• [DATA EXCERPTS]
###

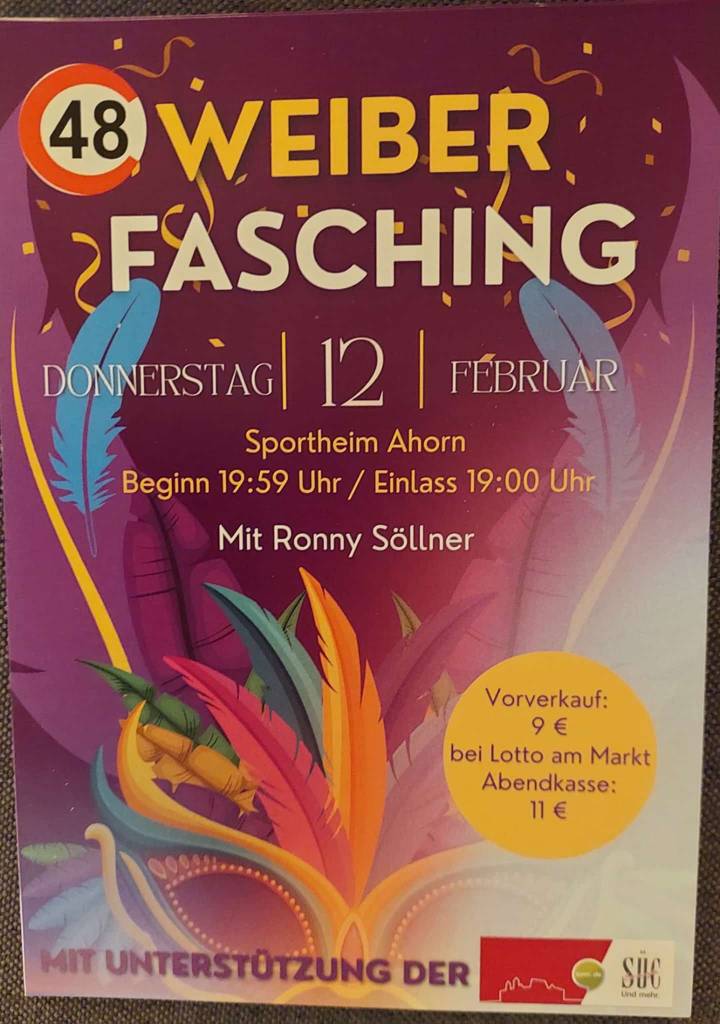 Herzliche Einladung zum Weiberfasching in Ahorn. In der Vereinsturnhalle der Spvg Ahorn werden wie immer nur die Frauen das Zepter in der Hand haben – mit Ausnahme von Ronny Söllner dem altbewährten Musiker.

###

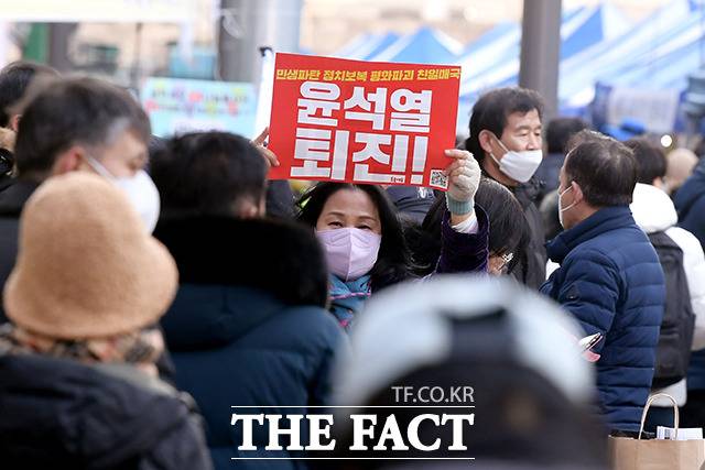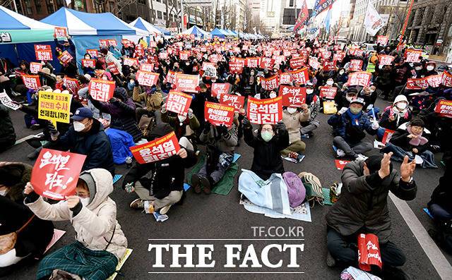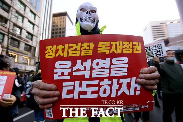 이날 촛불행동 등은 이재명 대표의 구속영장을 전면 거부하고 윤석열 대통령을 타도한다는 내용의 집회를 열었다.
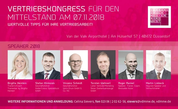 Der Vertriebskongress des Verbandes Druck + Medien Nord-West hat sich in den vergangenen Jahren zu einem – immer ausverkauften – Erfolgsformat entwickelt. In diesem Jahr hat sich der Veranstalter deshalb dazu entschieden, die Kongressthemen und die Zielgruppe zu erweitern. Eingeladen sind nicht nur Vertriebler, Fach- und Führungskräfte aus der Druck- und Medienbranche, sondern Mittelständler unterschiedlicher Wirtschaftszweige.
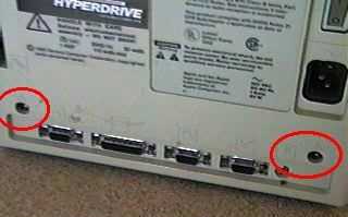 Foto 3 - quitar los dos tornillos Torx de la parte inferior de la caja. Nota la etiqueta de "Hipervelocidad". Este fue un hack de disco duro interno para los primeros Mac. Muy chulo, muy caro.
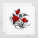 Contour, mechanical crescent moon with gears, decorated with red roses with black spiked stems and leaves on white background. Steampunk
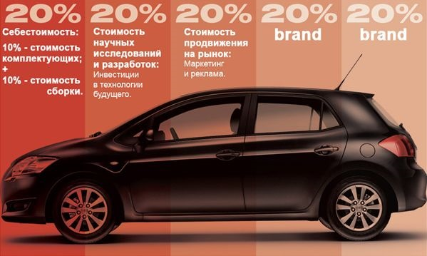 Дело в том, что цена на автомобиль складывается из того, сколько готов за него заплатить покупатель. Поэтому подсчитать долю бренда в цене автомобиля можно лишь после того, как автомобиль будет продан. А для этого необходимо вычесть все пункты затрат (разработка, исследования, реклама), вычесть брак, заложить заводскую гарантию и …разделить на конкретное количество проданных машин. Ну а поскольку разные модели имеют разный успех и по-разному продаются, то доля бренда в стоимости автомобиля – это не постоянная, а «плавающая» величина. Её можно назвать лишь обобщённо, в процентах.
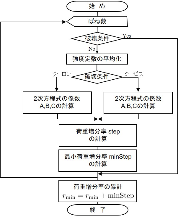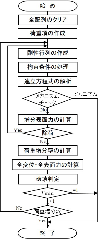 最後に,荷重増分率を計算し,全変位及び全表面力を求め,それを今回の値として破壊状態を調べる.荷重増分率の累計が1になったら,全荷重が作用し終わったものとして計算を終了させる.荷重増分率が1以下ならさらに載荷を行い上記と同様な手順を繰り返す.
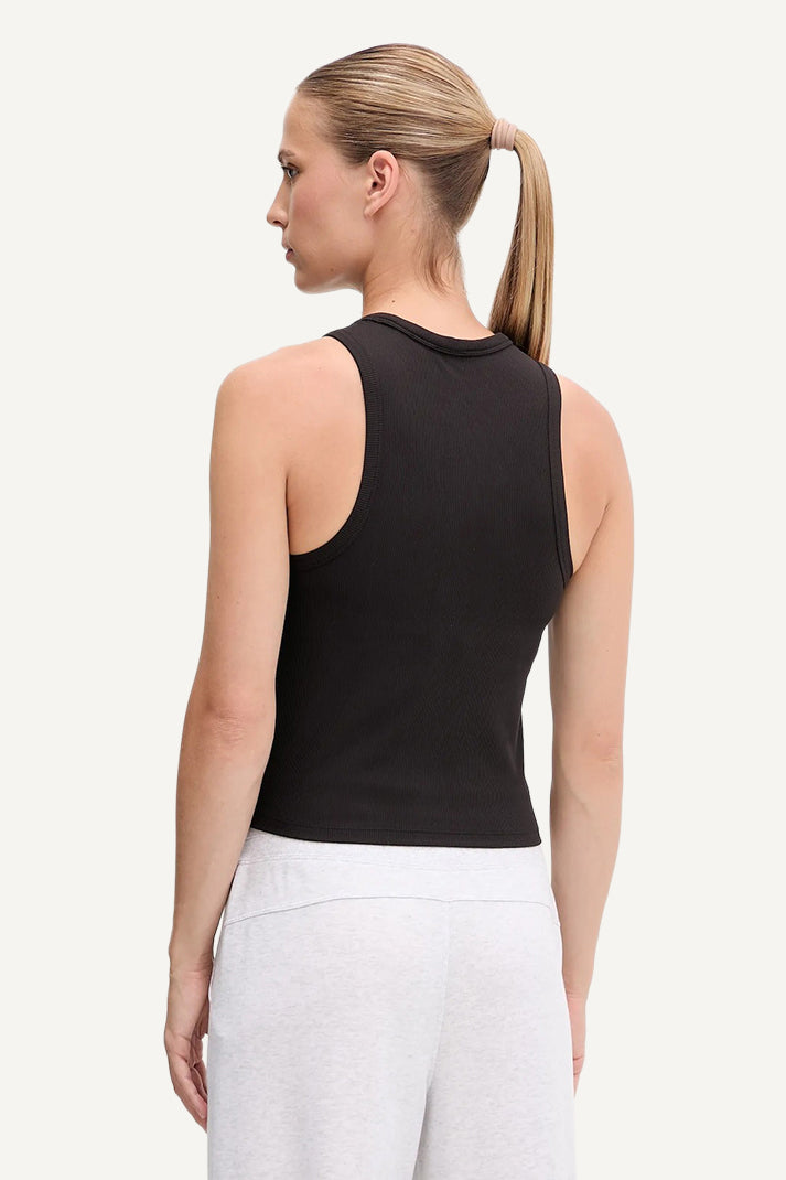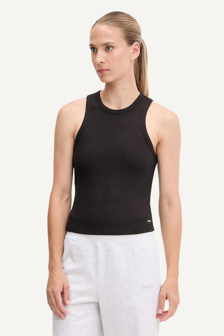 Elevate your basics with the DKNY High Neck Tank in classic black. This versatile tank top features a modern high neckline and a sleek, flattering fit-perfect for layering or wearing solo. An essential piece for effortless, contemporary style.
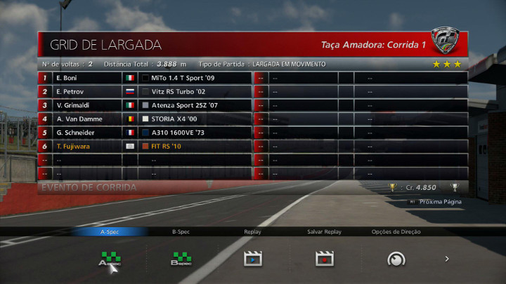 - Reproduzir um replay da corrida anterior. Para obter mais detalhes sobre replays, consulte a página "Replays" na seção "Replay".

###

• [YOUR OBJECTIVE]
Copy out exactly the lines above beginning with the line that contains "Der Vertriebskongress des" and finishing with the line that contains "Contour, mechanical crescent", including both; leave the pictures out.

• [EXERCISE SOLUTION]
 Der Vertriebskongress des Verbandes Druck + Medien Nord-West hat sich in den vergangenen Jahren zu einem – immer ausverkauften – Erfolgsformat entwickelt. In diesem Jahr hat sich der Veranstalter deshalb dazu entschieden, die Kongressthemen und die Zielgruppe zu erweitern. Eingeladen sind nicht nur Vertriebler, Fach- und Führungskräfte aus der Druck- und Medienbranche, sondern Mittelständler unterschiedlicher Wirtschaftszweige.
 Foto 3 - quitar los dos tornillos Torx de la parte inferior de la caja. Nota la etiqueta de "Hipervelocidad". Este fue un hack de disco duro interno para los primeros Mac. Muy chulo, muy caro.
 Contour, mechanical crescent moon with gears, decorated with red roses with black spiked stems and leaves on white background. Steampunk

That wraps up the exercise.